Local news media throughout the region carried almost daily stories on the crisis, effectively providing what is an awful lot of free advertising for Market Basket and its business model. You’d have to be living in a cave not to have heard it’s a more desirable place to shop.
Additionally, Market Basket uses many local suppliers, most of which are now struggling to sell their produce to other customers before it spoils. Yet many of these chains have their purchasing functions elsewhere and aren’t taking advantage of this sudden availability of produce and other merchandise to fill the sudden uptake in demand. If they did, they might actually be able to be competitive with Market Basket.
What do you think is going to happen to those competitors if Market Basket recovers? They certainly won’t retain the Market Basket customers, and they’ll lose an awful lot of their own. Unfortunately, many competitors will never understand or admit to themselves the cause was their taking advantage of the situation. They will pay dearly for their short-term windfalls.
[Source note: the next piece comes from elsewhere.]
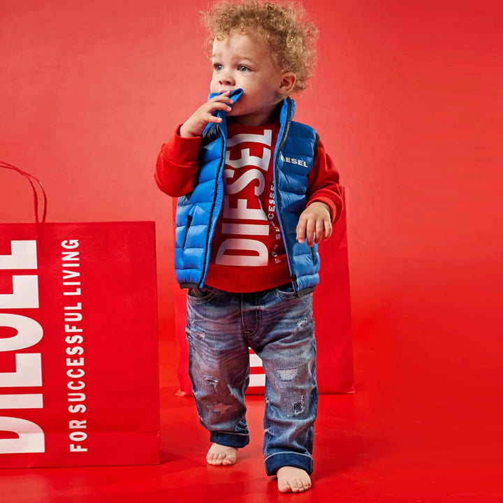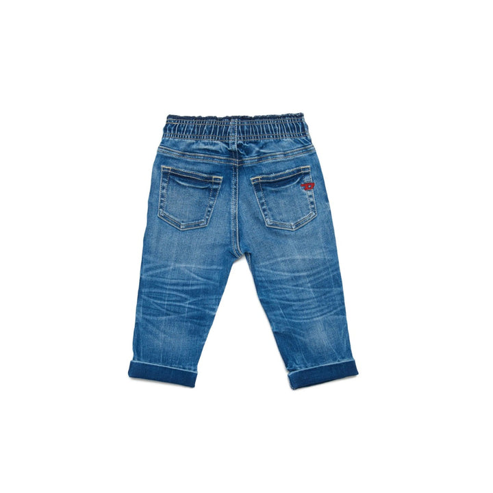 Five-pocket, boyfriend fit jeans in a contemporary style, with drawstring waist, treatments and breaks, made of blue stretch denim.

What’s really discouraging is that each of these chains was originally founded and built by people who understood how to satisfy customers and build a business. Now they seem to be run by people who just don’t have a clue. They seem to have the malaise that afflicted Market Basket the last few months.
Uglier every day
Even so, now that a deal has been reached, Market Basket may have a lot of debt with which to contend. If so, it will squeeze profit margins, perhaps making their famously low prices a thing of the past. Employee bonuses may be dramatically affected as well. These months of not making money have to be accommodated in some way. It’s not a pretty picture and it got uglier every day.
An employee stock ownership plan could be a solution, but it would require Market Basket to relinquish the benefits of private ownership. Even so, the employees have demonstrated their loyalty far beyond what anyone would have thought possible. Giving them an ownership stake could raise much-needed cash while also being considered an employee benefit. It could ease the pain of the lower bonuses they might have to accept for a while and be the most expeditious way to retire that debt.
I feel sorry for the co-CEOs. Why were there two when everyone else has one? How will they ever get new jobs? Presiding over the demise of a 71-store chain is not the sort of thing anyone wants to put on their resumes.
Felicia Thornton and James Gooch may have had no idea what they were walking into, but that would get little consideration from potential employers. They may not even have had any latitude running the company, getting all their direction from the board.
It’s hard to imagine how there could be any winners (besides the lawyers) in this game.
Your company may not be family-owned or feuding, but how many of the behaviors described above sound familiar? Customers, employees and suppliers do not seem to matter to the folks calling the shots at Market Basket right now. Blatantly ignoring these caused a gigantic drop in their revenues, often estimated at 95 percent.
It’s hard keeping all stakeholders in mind when making decisions, but we ignore them at our peril.